** MATERIAL PROVIDED follows **

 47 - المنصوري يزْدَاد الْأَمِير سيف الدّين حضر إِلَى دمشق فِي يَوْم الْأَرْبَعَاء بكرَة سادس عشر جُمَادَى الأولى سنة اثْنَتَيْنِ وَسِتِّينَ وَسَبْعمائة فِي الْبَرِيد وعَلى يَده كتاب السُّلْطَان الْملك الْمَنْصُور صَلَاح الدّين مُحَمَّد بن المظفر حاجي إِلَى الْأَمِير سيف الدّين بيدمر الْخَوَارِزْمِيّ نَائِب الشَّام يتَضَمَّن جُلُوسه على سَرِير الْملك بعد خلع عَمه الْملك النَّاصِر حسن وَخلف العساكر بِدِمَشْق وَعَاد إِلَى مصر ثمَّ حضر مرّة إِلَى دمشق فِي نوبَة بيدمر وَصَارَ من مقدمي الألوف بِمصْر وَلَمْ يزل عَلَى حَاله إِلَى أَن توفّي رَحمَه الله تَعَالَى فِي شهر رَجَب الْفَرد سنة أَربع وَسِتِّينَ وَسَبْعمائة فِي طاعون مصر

** End of MATERIAL PROVIDED **
** MATERIAL PROVIDED follows **

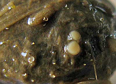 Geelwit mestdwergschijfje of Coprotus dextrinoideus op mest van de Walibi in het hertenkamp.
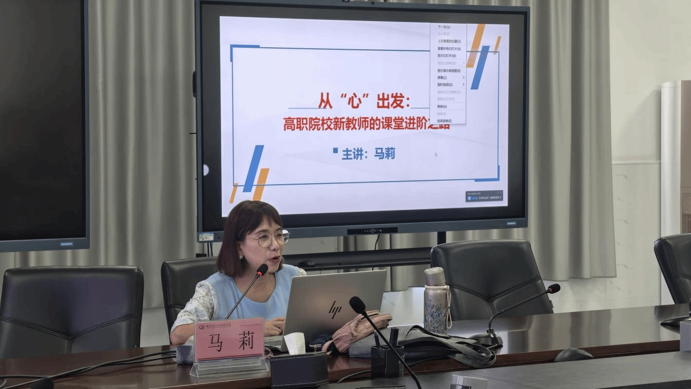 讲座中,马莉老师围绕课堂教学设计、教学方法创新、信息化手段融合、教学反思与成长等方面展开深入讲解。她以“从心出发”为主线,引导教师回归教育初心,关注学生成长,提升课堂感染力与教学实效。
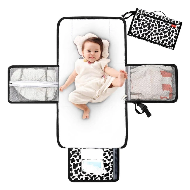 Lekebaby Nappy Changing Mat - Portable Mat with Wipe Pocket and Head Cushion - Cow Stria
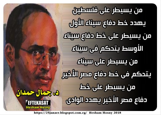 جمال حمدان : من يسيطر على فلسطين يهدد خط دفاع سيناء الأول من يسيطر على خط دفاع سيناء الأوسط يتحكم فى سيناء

** End of MATERIAL PROVIDED **
** MATERIAL PROVIDED follows **

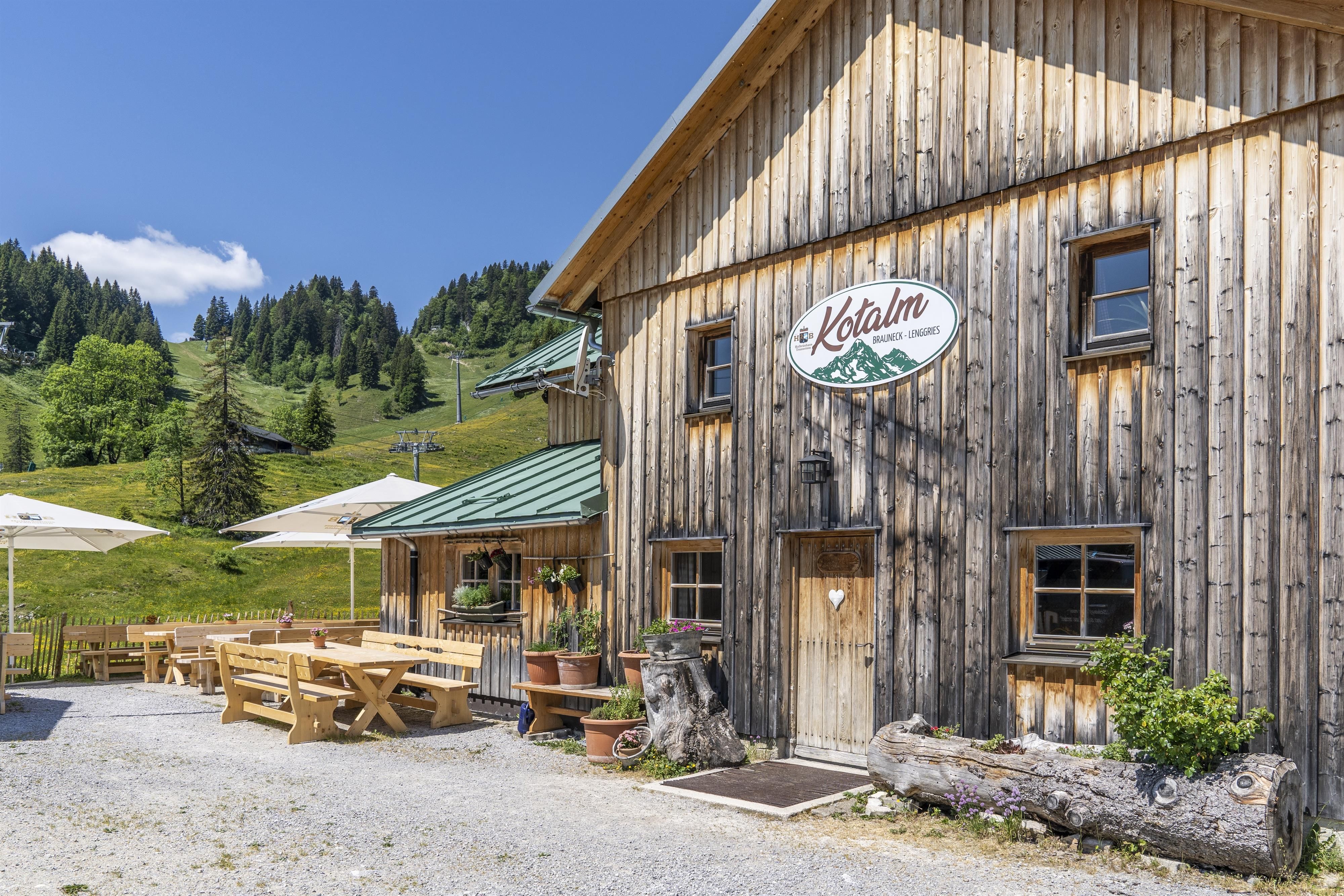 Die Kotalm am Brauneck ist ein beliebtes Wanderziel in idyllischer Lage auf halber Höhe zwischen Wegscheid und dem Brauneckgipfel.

** End of MATERIAL PROVIDED **

TASK:
Would you copy the lines above exactly, starting with the one that has "Lekebaby Nappy Changing" and ending with the one that has "جمال حمدان : من", both included, without the pictures?

EXERCISE SOLUTION:
 Lekebaby Nappy Changing Mat - Portable Mat with Wipe Pocket and Head Cushion - Cow Stria
 جمال حمدان : من يسيطر على فلسطين يهدد خط دفاع سيناء الأول من يسيطر على خط دفاع سيناء الأوسط يتحكم فى سيناء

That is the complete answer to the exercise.